■ **Exercise data**:
= = = = = = =
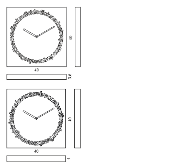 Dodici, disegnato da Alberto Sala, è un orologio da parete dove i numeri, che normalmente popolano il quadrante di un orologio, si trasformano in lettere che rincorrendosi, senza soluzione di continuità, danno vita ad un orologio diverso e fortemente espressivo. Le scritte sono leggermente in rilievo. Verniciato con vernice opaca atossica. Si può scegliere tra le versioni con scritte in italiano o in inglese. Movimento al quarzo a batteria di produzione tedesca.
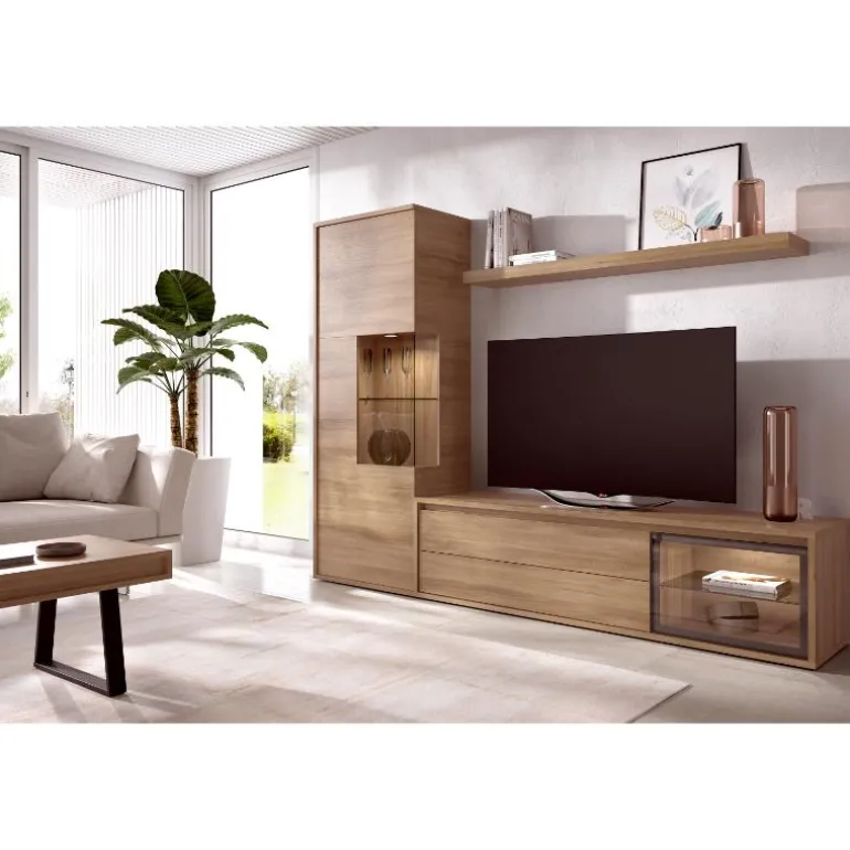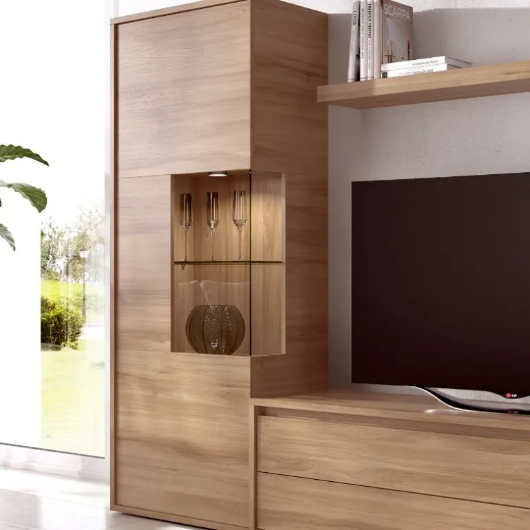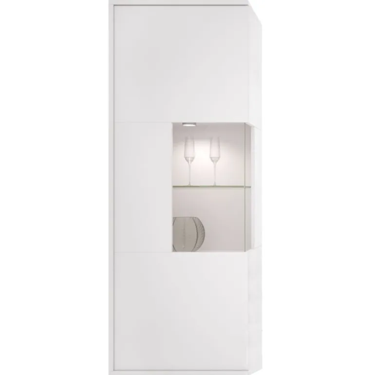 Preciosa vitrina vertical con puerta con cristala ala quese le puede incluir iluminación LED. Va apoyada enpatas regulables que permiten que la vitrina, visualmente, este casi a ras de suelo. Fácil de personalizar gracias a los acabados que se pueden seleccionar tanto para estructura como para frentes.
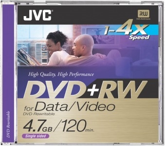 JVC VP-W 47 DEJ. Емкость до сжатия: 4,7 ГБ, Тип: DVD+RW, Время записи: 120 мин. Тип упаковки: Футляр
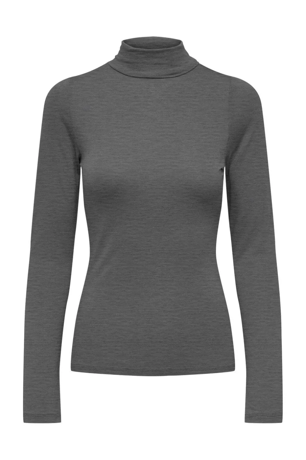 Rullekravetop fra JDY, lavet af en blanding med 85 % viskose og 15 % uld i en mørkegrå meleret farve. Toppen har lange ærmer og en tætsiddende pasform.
= = = = = = =
■ **Work required**:
Write out the material above without changing a word, and skip any picture.

■ **Final answer**:
 Dodici, disegnato da Alberto Sala, è un orologio da parete dove i numeri, che normalmente popolano il quadrante di un orologio, si trasformano in lettere che rincorrendosi, senza soluzione di continuità, danno vita ad un orologio diverso e fortemente espressivo. Le scritte sono leggermente in rilievo. Verniciato con vernice opaca atossica. Si può scegliere tra le versioni con scritte in italiano o in inglese. Movimento al quarzo a batteria di produzione tedesca.
 Preciosa vitrina vertical con puerta con cristala ala quese le puede incluir iluminación LED. Va apoyada enpatas regulables que permiten que la vitrina, visualmente, este casi a ras de suelo. Fácil de personalizar gracias a los acabados que se pueden seleccionar tanto para estructura como para frentes.
 JVC VP-W 47 DEJ. Емкость до сжатия: 4,7 ГБ, Тип: DVD+RW, Время записи: 120 мин. Тип упаковки: Футляр
 Rullekravetop fra JDY, lavet af en blanding med 85 % viskose og 15 % uld i en mørkegrå meleret farve. Toppen har lange ærmer og en tætsiddende pasform.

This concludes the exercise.